Sin embargo, recién el 10 de mayo de este año, esta misma Iglesia Católica acaba de declarar mártires y "beatos" en el cielo a los cuatro hombres asesinados por esta dictadura que ella misma había glorificado como el "brazo de Dios"!

Cuando estos cuatro hombres de Dios corría gravísimo peligro, la Iglesia, (que lo sabía todo porque tenía acceso privilegiado a la dictadura) no sólo no levantó un dedo para defenderlos, sino que hizo todo lo posible, por el contrario, para desacreditarlos y hacer que la carga sobre ellos fuera aún más pesada. Y luego, cuarenta años después, ahora que están muertos y la dictadura ha sido derrocada, simplemente declara al mundo que estos hombres no eran demonios, sino santos.


No cabe duda que los Cuatro de la Rioja eran santos, pero eran santos por haber cometido el grave pecado de compartir la vida de los pobres y de los descontentos, denunciando la injusticia imperante y combatiéndola.
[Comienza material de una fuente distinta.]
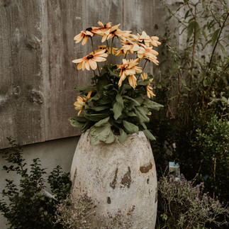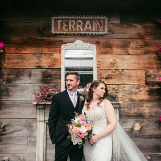 We love to accent what’s already there: think abundant bridal and bridesmaid bouquets that pop against the greenery, a focused ceremony moment (two lush urns or a loose, asymmetrical install on the structure), and candlelight with petite compotes or bud vases down the farmhouse tables. In spring, we echo Terrain’s hellebores, ranunculus, and blooming branches; in summer, airy delphinium, garden roses, and herbs; in fall, textural grasses and dahlias. The result feels immersive and intentional, less décor to buy, more impact for your dollar, and a look that feels perfectly “Terrain.”
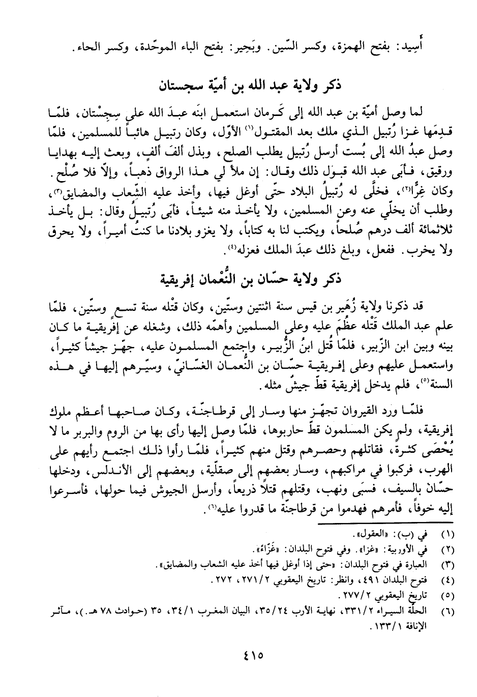 ذِكْرُ وِلَايَةِ عَبْدِ اللَّهِ بْنِ أُمَيَّةَ سِجِسْتَانَ
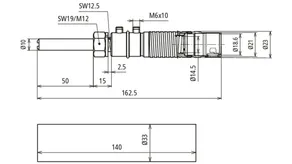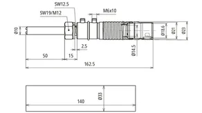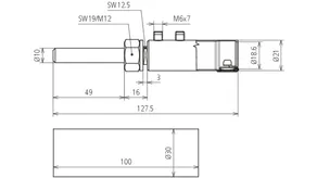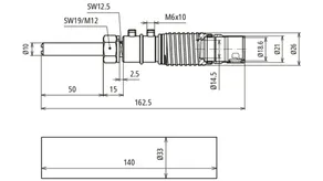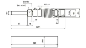 | Tilslutning | Bolt Ø10 mm, L 50 mm med gevind M12 med fjederskive |
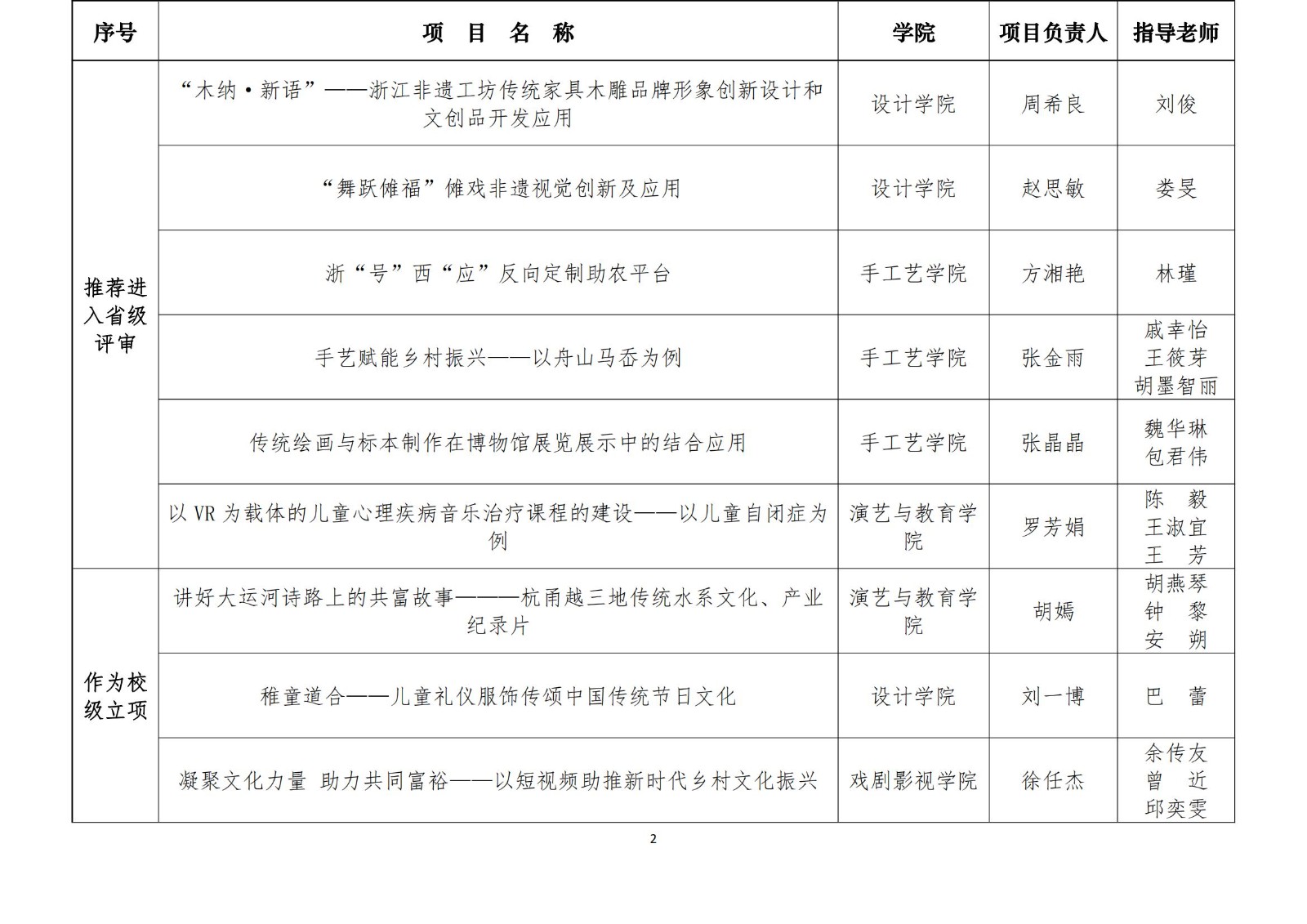 关于推荐设计学院《“木纳·新语”——浙江非遗工坊传统家具木雕品牌形象创新设计和文创品开发应用》等6个项目进入2023年度浙江省大学生科技创新活动计划(新苗人才计划)项目省级评审、确定演艺与教育学院《讲好大运河诗路上的共富故事———杭甬越三地传统水系文化、产业纪录片》等3个项目为校级立项的公示

Estaban involucrados con grupos que reclamaban sus derechos y exigían cambios. No empujaban a nadie a la violencia, pero no dudaban en dejar claro que la terrible violencia que asolaba el país no era causada por los pobres, sino por aquellos que abusaban de ellos, no de los trabajadores sobreexplotados que tenían todas las razones de rebelarse, sino de las enormes injusticias y las intolerables desigualdades causadas por la corrupción, la rapacidad, la dureza, la ceguera y la crueldad de los grandes propietarios, y de sus esbirros y amigos incondicionales de la policía y del ejército, debidamente formateados, adoctrinados, armados y piloteados por el "hermano mayor" de la humanidad, el  que goza todavía de muy buena salud, y que es venerado, envidiado, copiado y odiado por el mundo entero.

Los Cuatro de La Rioja nunca han comido a la mesa de los ricachones. Nunca han bendecido o alabado la dictadura que violó, torturó, encarceló, fusiló, hizo desaparecer a miles de
personas y juró limpiar el país de todos aquellos "subversivos" (como ellos, los cuatro) a los que se les ocurriera soñar con una sociedad más justa. Nunca han reconocido legitimidad alguna a los  militares que usaban sus armas para cometer atrocidades peores de las que pretendían  combatir, aun cuando el General Videla, el líder supremo de la dictadura, fuera a misa y comulgara a diario, y que su brazo derecho, el  almirante Masera, jugara al tenis con el Nuncio Apostólico en los fines de semana.

Los Cuatro de la Rioja no obedecían a esas autoridades, ni a la mayoría de aquellos obispos que, ante las atrocidades cometidas en el país, miraban a un costado, se lavaban las manos o callaban; ni a aquellos que, después de explayarse en complicadas contorsiones sobre el amor, el perdón y la paz, rociaban con agua bendita la política de muerte de la dictadura.

Los cuatro de La Rioja preferían "obedecer a Dios antes que a los hombres", tal como  el apóstol Pedro lo declarara contundentemente al Sumo Sacerdote unos días después del asesinato de Jesús en Jerusalén (Hechos 5, 29). El único maestro de ellos era  Jesús, el Jesús  del Evangelio, ese mismo que, por cierto, vino a traer la paz al mundo, pero no cualquier paz, ni a cualquier precio.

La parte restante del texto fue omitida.